Tuesday, February 27, 2007

A Warning From the Past

I have modified this passage for the common day, though
it is still timely and continues to be timely.

Certain people in the AFL-CIO are wise to this as well.

"A Warning for the Past"

Exclusive Submission to Portside

By Stewart Acuff, National AFL-CIO Organizing Director

"Driven by these provocations and frustrations, there
is the danger that America may be tempted to exert all
the terrible power she possesses to compel history to
conform to her own illusions. The extreme, but by no
means the only expression, would be the so-called
preventive war."

"Such historians must have learned that virtue has
never been defined by national or regional boundaries,
and that morality and rectitude are not the monopolies
of factions or parties. They must reveal the fallacy
of a diplomacy based on moral bigotry, as well as the
fallacy of one that relies on economic coercion through
the fancied indispensability of favored products. Their
studies would show the futility of erecting
intellectual barricades against unpopular ideas of
employing censorship and repression against social
criticism, and of imposing the ideas of the conqueror
upon defeated peoples by force of arms."

Sound like Michael Moore or Howard Dean in 2004? It
may sound like them, but neither of them wrote it and
it wasn't written in 2004. No, these wise words were
written in 1952 by C. Vann Woodward, one of America's
most esteemed historians as a warning during the Cold
War, in his book "The Burden of Southern History." They
could not, however, be any more timely than they are
today. The lies, falsehoods, and fallacious
braggadocio of this President are unequalled by any
other in our nation's history.

Woodward wants America not to use its power to compel
history to conform to its illusions. That is precisely
why the neo-conservatives in the Bush Administration
wanted to make war in Iraq, to force the Middle East to
conform to this illusion.

While a wise man 50 years ago cautioned the nation to
avoid preventive war, George Bush has based our
country's latest foreign policy doctrine on preventive
war. Woodward's warning serves as an indictment of
Bush. Bush has prosecuted a preventive war that is
unnecessary, unjust and evil. He has used moral
bigotry against all who don't subscribe to his narrow,
provincial and biased morality.
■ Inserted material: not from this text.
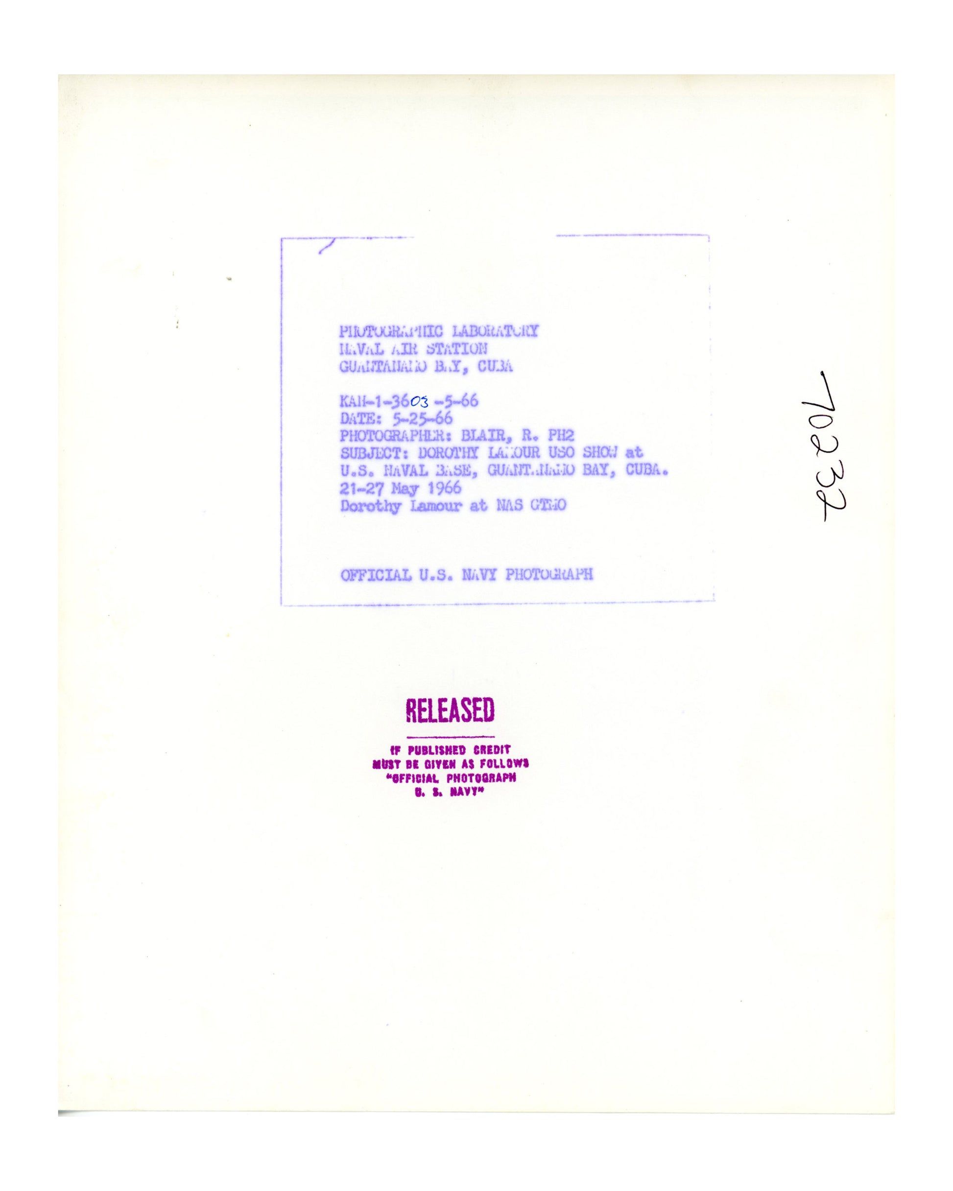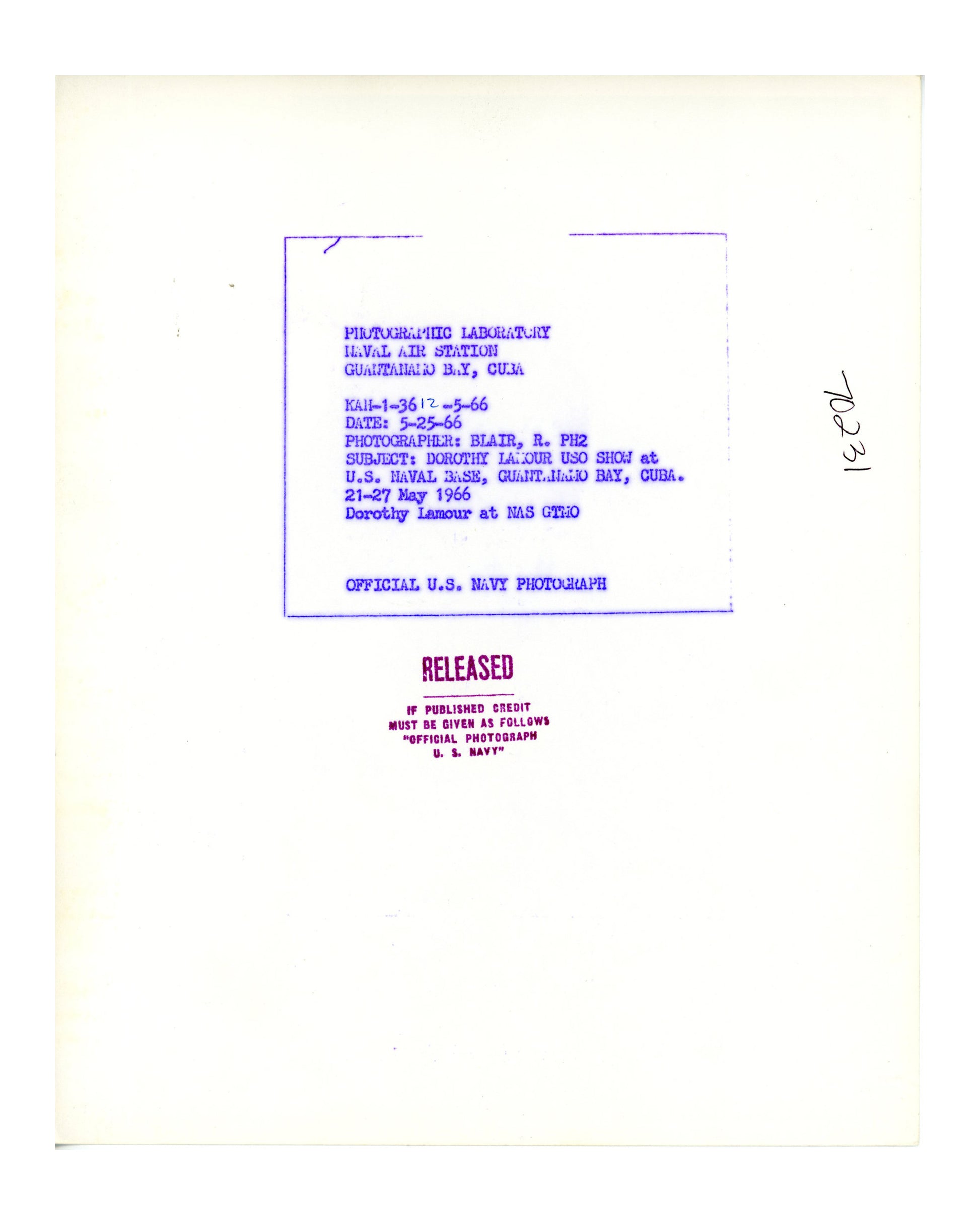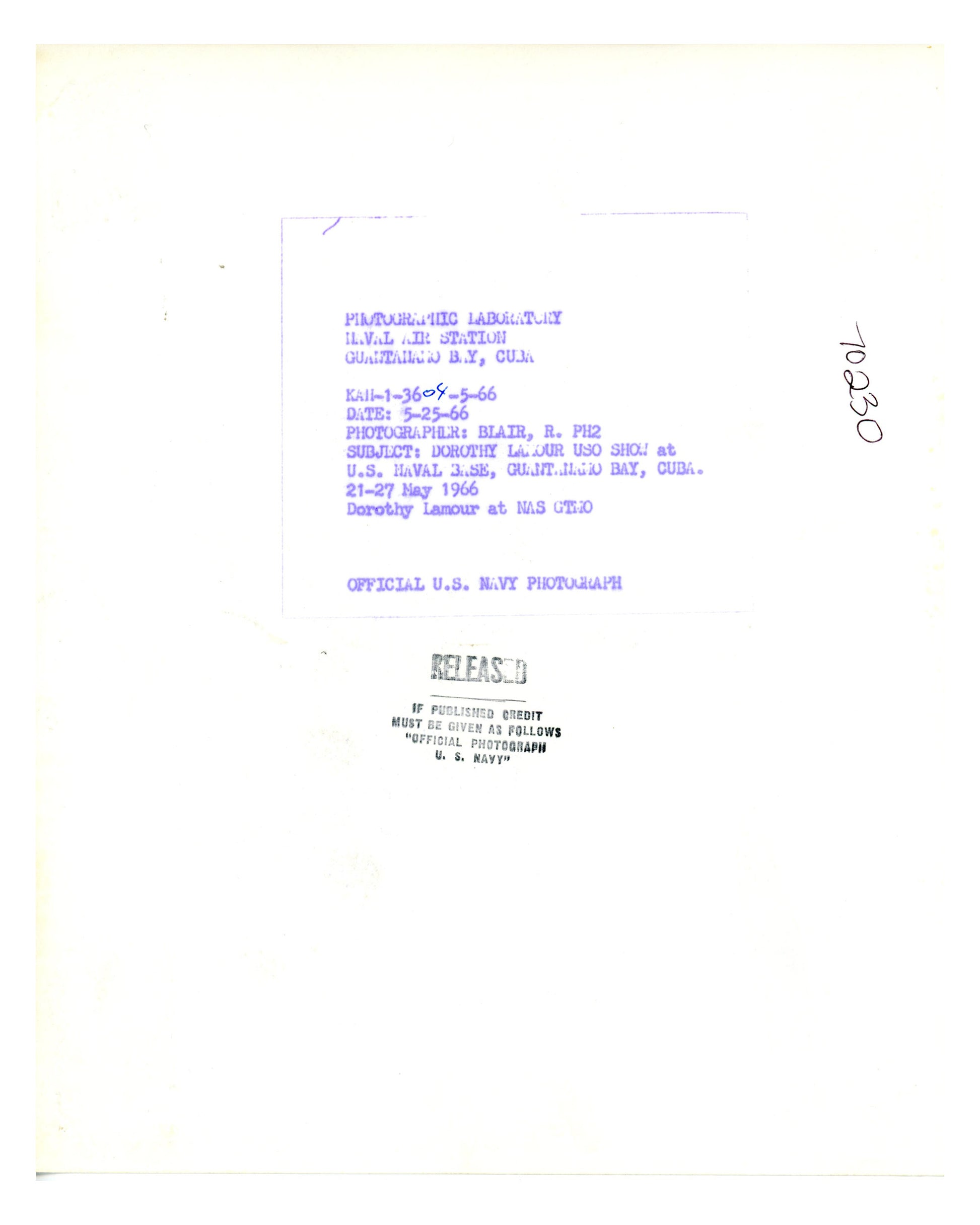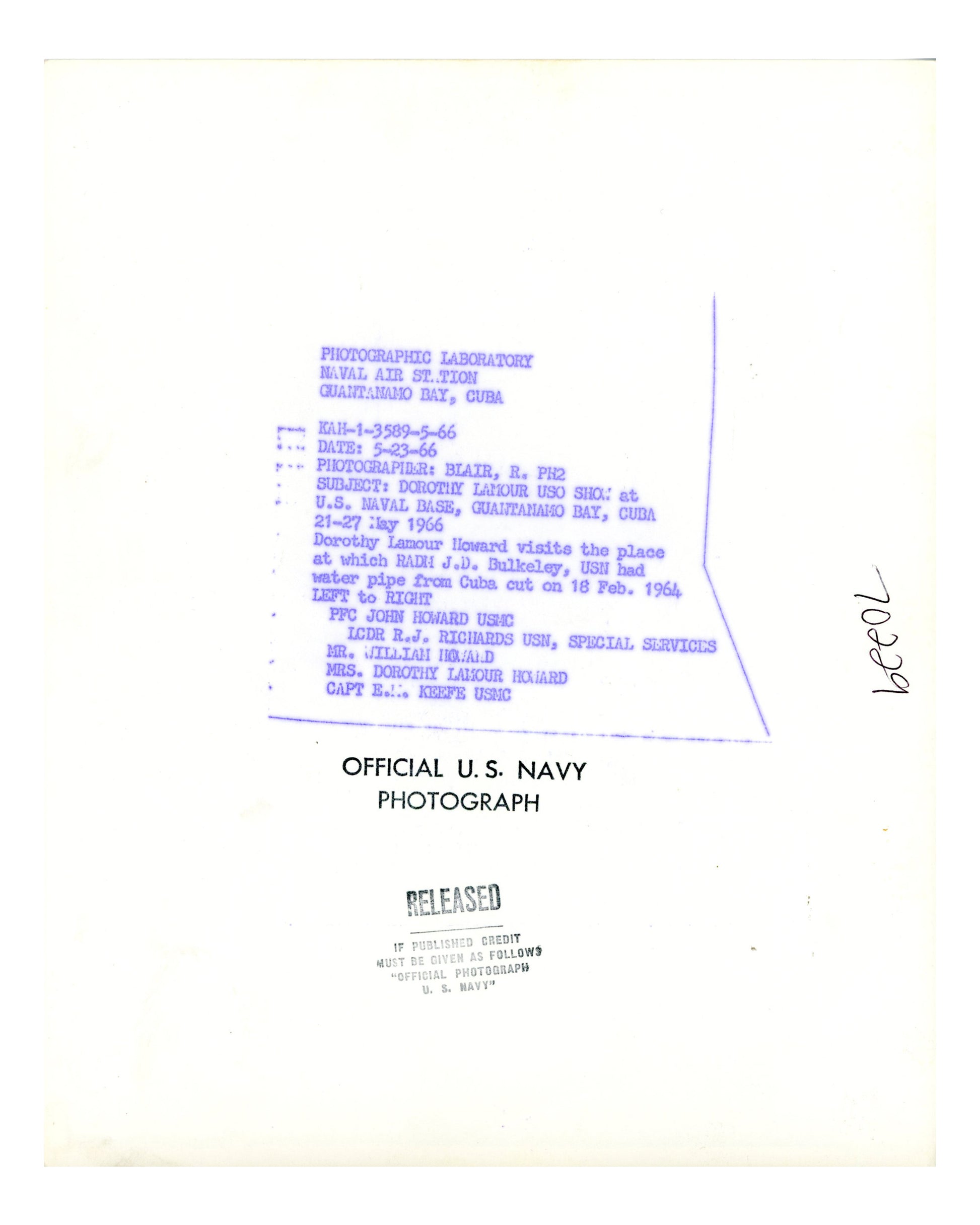 Collection of seven (7) photographs from Dorothy Lamour's visit to the U.S. Naval Base in Guantanamo Bay, Cuba, in May 1966, where she performed at a USO Show. Photographs are official U.S. Navy photographs with official information stamps on reverse.

With Rumsfeld's
dismissal of old Europe and the U.N., Bush and his
people think virtue rests with us.

Bush and his followers have scoffed at and scorned all
who disagree with them, causing huge police
overreaction, ever creating temporary police states
during demonstrations at the FTAA summit in November 2003
in Miami and at the Republican Convention in New York

And in Iraq, they are right now trying to impose their
will and ideas in a country by force of arms, even
going so far as to try to use CIA covert operations to
"help" favored candidates.

Iraq is going terribly, horribly wrong. Over 3,000
Americans have died and as many as 100,000 Iraqis have
died. Bush lied about the reasons to go to war. He
has and continues to lie repeatedly about how it is
going. He has obscenely gloated while people are
dying. And with his cocksure, "Bring 'em on," he has
invited more attacks and encouraged the insurgents.